A few years ago, during one of my visits to Ireland, I caught an Irish-language short film on television.  It involved a woman and a blind man, strangers, who wind up on the same compartment in a mostly-empty train.  The man engages in a monologue which clearly annoys the woman, and then...well, I won't ruin the ending for you.  Let's just say after you see this, you might understand why my memory of this film was spurred by the last image on yesterday's Cake Wrecks post.  (NOT for the squeamish!)

The Irish language is a funny thing.  Like modern Hebrew, it's an issue of national cultural pride, but also something of a manufactured language.  Case in point:  one bit of Irish a lot of non-Irish speakers know (besides pogue mahone) is the word craic, pronounced "crack", defined in a mid-nineties radio commercial for The Travel Channel (in which an Irish bartender advises a visiting American that "there's plenty of craic to be had in the back room") as "fun" or "a good time."  But in fact, craic is a mid-twentieth century addition to the Irish language, and is borrowed from the English in the sense of "to crack up"  (with laughter) or "to crack jokes."  The respelling is just to make it more Irish-y, something like adding an "e" to the words "Renaissance Faire" makes it seem more Olde English-y.

When I was over in Ireland I met a man who looked for all the world like he should have been wearing a pith helmet and hunting elephants in late 19th-century Kenya.  He fancied himself something of an expert on the Irish language, which is taught in school and used in all government publications but is otherwise only rarely spoken or written.  He looked over his daughter's Irish homework for a few minutes, then looked up, abashed, and said "The language has changed a lot since I learned it."
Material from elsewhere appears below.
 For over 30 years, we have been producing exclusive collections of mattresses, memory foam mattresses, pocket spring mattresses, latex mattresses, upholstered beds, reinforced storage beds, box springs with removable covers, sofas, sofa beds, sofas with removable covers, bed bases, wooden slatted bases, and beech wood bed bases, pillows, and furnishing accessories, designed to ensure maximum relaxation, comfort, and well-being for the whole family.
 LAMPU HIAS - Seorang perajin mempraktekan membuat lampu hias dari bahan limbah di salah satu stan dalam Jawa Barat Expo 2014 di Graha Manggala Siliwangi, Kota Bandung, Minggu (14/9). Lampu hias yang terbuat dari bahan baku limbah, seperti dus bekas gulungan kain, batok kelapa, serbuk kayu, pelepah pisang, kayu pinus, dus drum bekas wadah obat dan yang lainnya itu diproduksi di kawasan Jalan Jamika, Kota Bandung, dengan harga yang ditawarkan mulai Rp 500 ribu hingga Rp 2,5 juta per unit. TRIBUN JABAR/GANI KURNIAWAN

Still, there are TV programs in Irish, and movies like this one.  I believe a lot of them are funded through government grants in an effort to keep the language alive.  The actor playing the blind man in this film, Brendan Gleeson, was actually once a teacher of Irish.  He later went on to play another character who was both a teacher and had vision problems - Alastor "Mad-Eye" Moody in the Harry Potter films.